OK.  It was just a thought.


> Yes this both challenges and scares me.  Replacing pinblocks is not new
> for me but rebuilding with a plate crack is.  Never replaced a
> soundboard, don't have the knowledge, skills, or tools and am unlikely
> to invest for just that, since my calling is more and more away from
> rebuilding.  The pinblock and new strings I can do for a few hundred
> dollars.  Replacing the board and action,  well --big bucks.  At least
> the action could be done later.  If I were rich, I'd just send you the
> piano and say "go be creative!" and give you a blank check but I don't
> have tens of thousands.
>
> However something should be done about tuning pins so loose that looking
> at them makes them jump down a fifth.

With any project like this if you expect to be able bill for every hour that you
put into it you're bound to end up very frustrated and disappointed.  I would
suggest that you view it as a learning experience.  Fortunately, it's your own
piano.  I would never recommend that you do this type of job on a customers
piano.  At least not without the direct guidance of a more experienced
rebuilder/remanufacturer to guide you.  And to help pick up the pieces.  (Yes,
you should be prepared to pay him/her for the time.)  And, yes.  There are a few
projects of this type in my own deep, dark past.
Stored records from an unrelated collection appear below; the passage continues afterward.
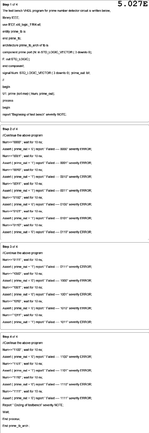 Step of 4 5.027E The test bench VHDL program for prime number detector circuit is written below, library IEEE; use entity prime_tb is end prime_tb; architecture prime_tb_arch of tb is component prime port (N: in STD_LOGIC_VECTOR (3 downto 0); F: out STD_LOGIC); end component; signal Num: STD_LOGIC_VECTOR (3 downto 0), prime_out: bit; // begin U1: prime port map Num, prime_out); process begin report "Beginning of test bench" severity Step 2 of 4 //Continue the above program Num
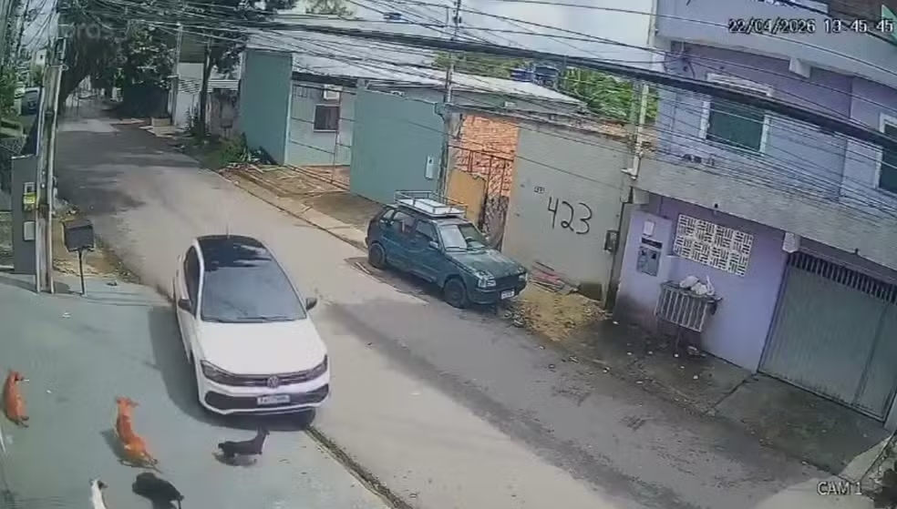 Imagens mostram seis cães deitados na calçada e outros dois na rua quando um carro branco surge em alta velocidade. O motorista invade a calçada e atinge os animais. Um dos cães é arremessado com o impacto, mas consegue se levantar e fugir com os demais.
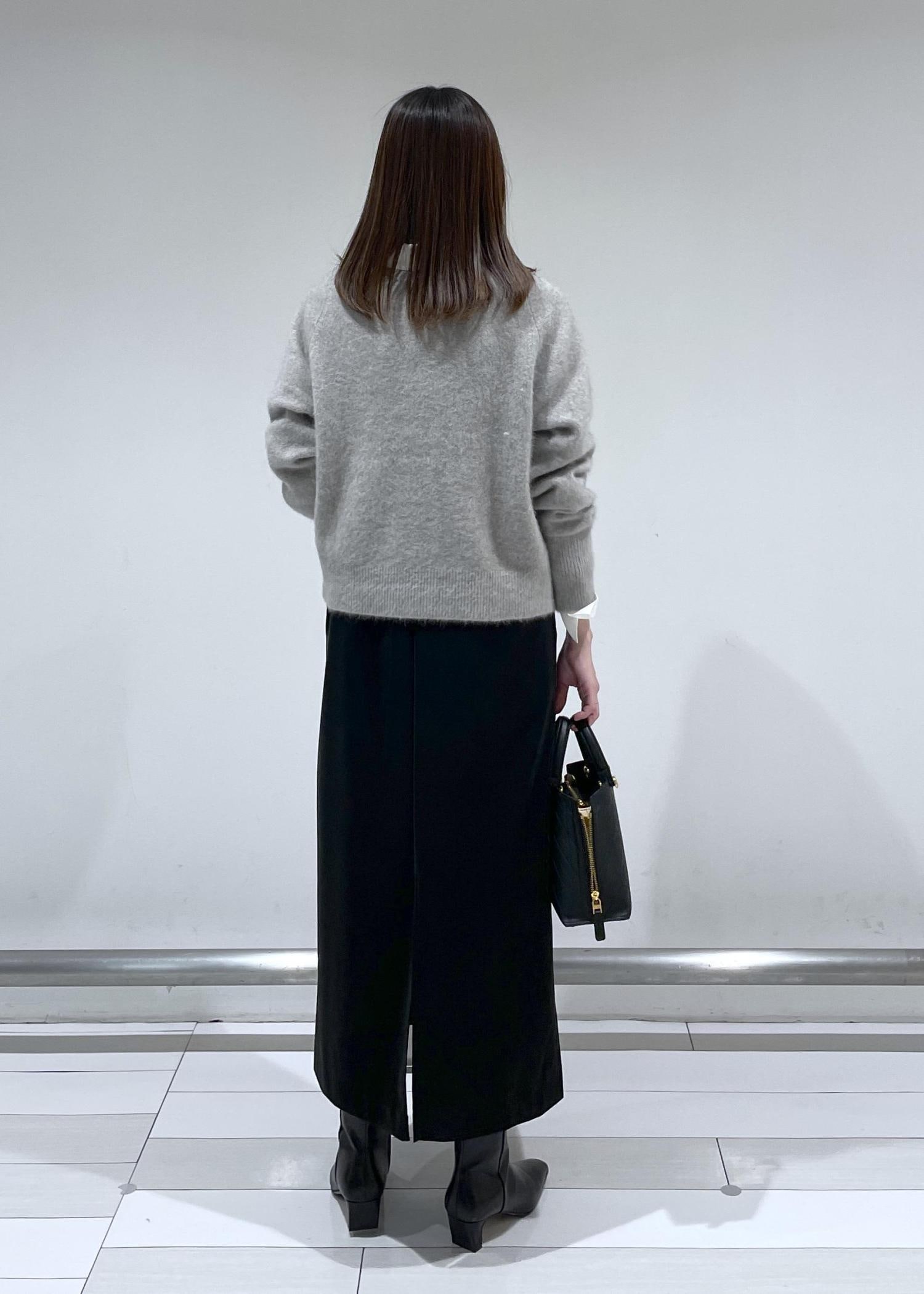 着丈はヒップにかかるくらいで、ボトムを選ばずワンピースにも合わせやすいです。
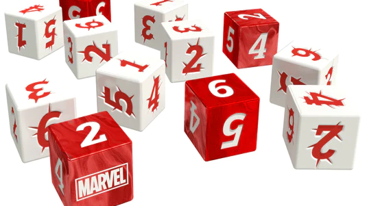 Essa parte foi pouco alterada e gostei que deixaram dessa forma. O Marvel Multiverse Role-Playing Game usa o novo Sistema D616, em referência a Terra-616 que no Multiverso da Marvel corresponde a realidade dos maiores heróis da editora, e que por conta disso usa três dados de seis lados, sendo um deles de cor diferente (dado Marvel) para resolução dos testes.
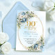 Romantic Boho Dusty Blue Flowers 90th Birthday Inbjudningar
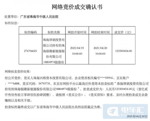 到了今年,格力电器及背后的格力集团对银隆的动作多了起来。从京东司法拍卖网站查询到,今年4月20日,珠海兴格资本投资有限公司以1.2亿元的价格拍得了厚铭投资持有的银隆部分股权,而兴格资本则是格力集团的全资子公司。此次格力电器拍得股权主要是的银隆投资及厚铭投资持有的,而这两家公司则分别是魏银仓和孙国华实际控制的,至此,董明珠通过格力电器彻底扫清了银隆股权上的纠纷。
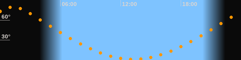 | Höchster Stand (Kulmination) | 01:14 Uhr (h = 79,7°) |
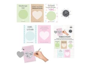 · Kraftpapier · bestehend aus 5 Karten mit Sprüchen, 3 runde und 2 herzförmige Sticker
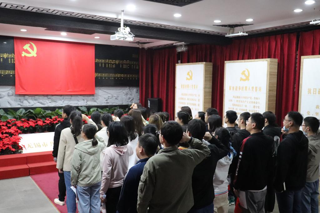 随后,党员们共同欣赏了周围陈列的“无锡杰出共产党人”和“无锡人民革命史”的板画,并认真参观了饱含革命故事的生动浮雕和五块不同历史时期的誓言碑。随即,全体党员同志面向党旗郑重而立,重温入党誓词。
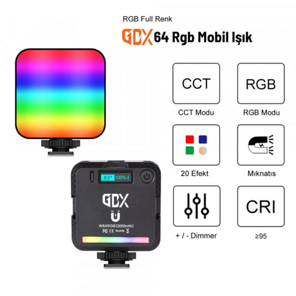 Gdx Rgb Led 60 Pocket Light; cep ledli rgb video ışığı 22 adet beyaz, 23 adet sarı, 28 adet RGB 73 adet led ile donatılmıştır. RGB modunda renkleri seçebilir ve renk sıcaklığını bir ortam ışık kaynağına uyacak şekilde 3250 ile 9000K arasında ayarlayabilir veya 20 farklı özel efekt modundan birini seçebilirsiniz.

I agree with your game plan.  In your present circumstance you should
concentrate on the pinblock and plate problem -- well, I'd probably advise my
client to replace the undoubtedly obsolete damper tray as well.  Leave the
action for later.  When the time comes it shouldn't be all that difficult to
design an new keyset and keyframe for the piano.  (Rick Wheeler in Portland,
Oregon is experienced at making new key and keyframe sets from drawings.)  For
now, just worry about the plate and block.